Zinc is important in prostate gland function and may help prevent and treat prostate cancer. It has another important role in the lives of women too. Zinc is required for protein synthesis and collagen formation. Without adequate levels of zinc, skin begins to sag and lose its elasticity. The optimal balance ratio for copper and zinc is 1 to 10 according to nutrition experts Phyllis Balch CNC and James Balch M.D.

In addition to sagging skin, deficiency of zinc may result in the loss of the senses of taste and smell. It can cause fingernails to become thin, peel and develop white spots. Other possible signs of zinc deficiency for women include hair loss, high cholesterol levels, impaired night vision, increased susceptibility to infection, memory impairment, diabetes, skin lesions, and slow wound healing.

The Prostate Gland

The prostate gland has one of the highest concentrations of zinc in the body. In general, low levels of zinc in the prostate appear to be associated with diseases of the gland. Zinc supplementation has been shown to reduce the size of the prostate and symptoms of benign prostatic hypertrophy (BPH) in the majority of patients.

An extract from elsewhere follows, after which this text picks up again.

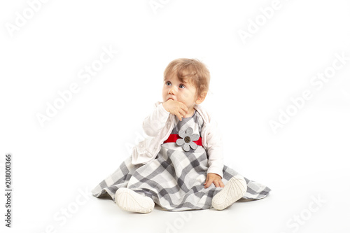 Elegant Happy baby girl 1 year old sitting on the studio floor. White Background. Concept Happiness.
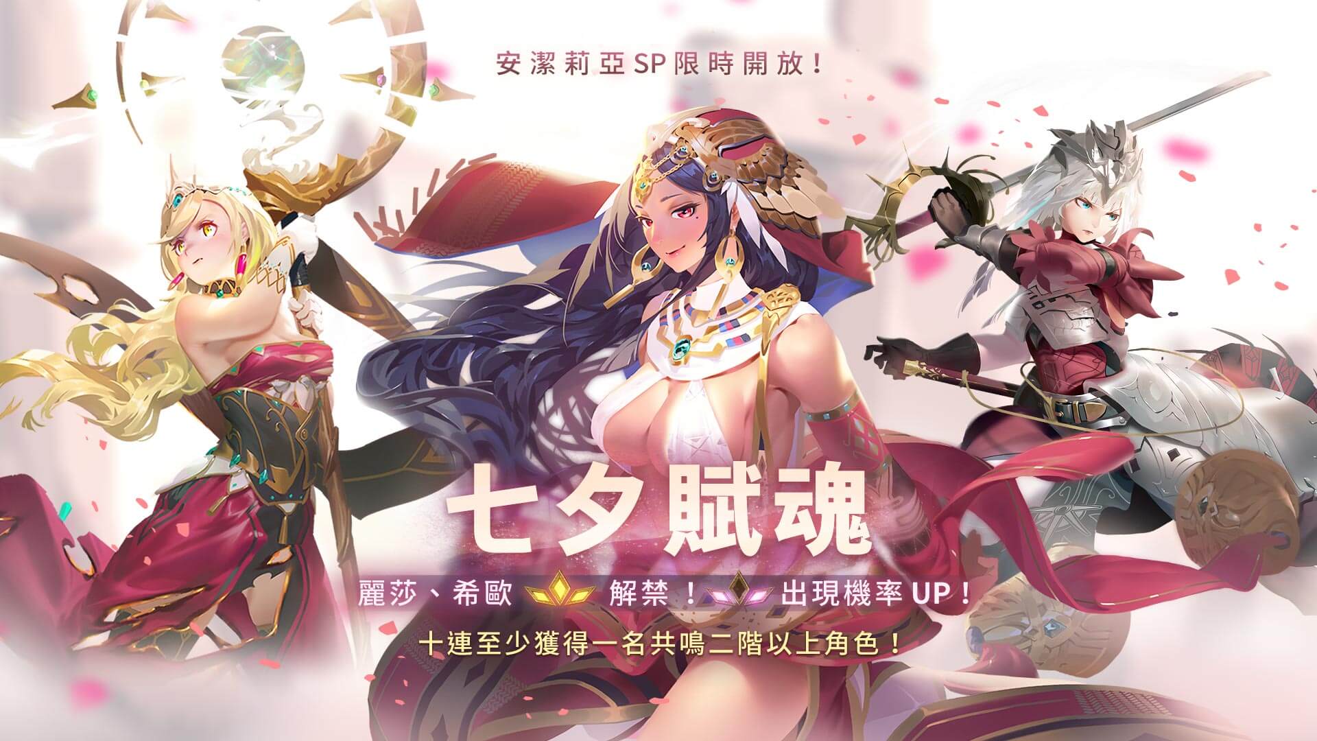 賦魂活動預告: ⦿ 『七夕賦魂』即將開放! 活動時間(GMT+8): 2018.8.8 12:00~2018.8.22 5:00 麗莎、希歐共鳴三階解禁!同步展開 Pick Up 活動! 安潔莉亞SP 限時開放! ⦿ 商賈賦魂將於 2018.8.8 5:00 (GMT+8) 結束 ※ 預定時程有變動時,以後續公告的內容為準。

Zinc also inhibits the binding of androgens to receptors in the prostate gland, an action that may play a role in the prevention of prostate cancer and other diseases of the prostate gland.

Other Protective Functions

Aside from its support of the immune system, zinc may protect the body in a variety of other ways. For instance, zinc has been shown to protect the liver from damage due to poisoning from the common cleaning solvent carbon tetrachloride.

Zinc is also known to prevent the absorption of lead and cadmium, which we may be exposed to through our drinking water, car and bus exhaust fumes, and many other environmental factors. Through its influence on cell membrane stability, zinc may even help protect us from substances known to contribute to cancer, heart disease, and a variety of other disorders. Zinc is an essential component of super-oxide dismutase (SOD), an antioxidant made by the body to combat free radicals.


These statements have not been evaluated by FDA and are not intended to prevent, cure or treat disease.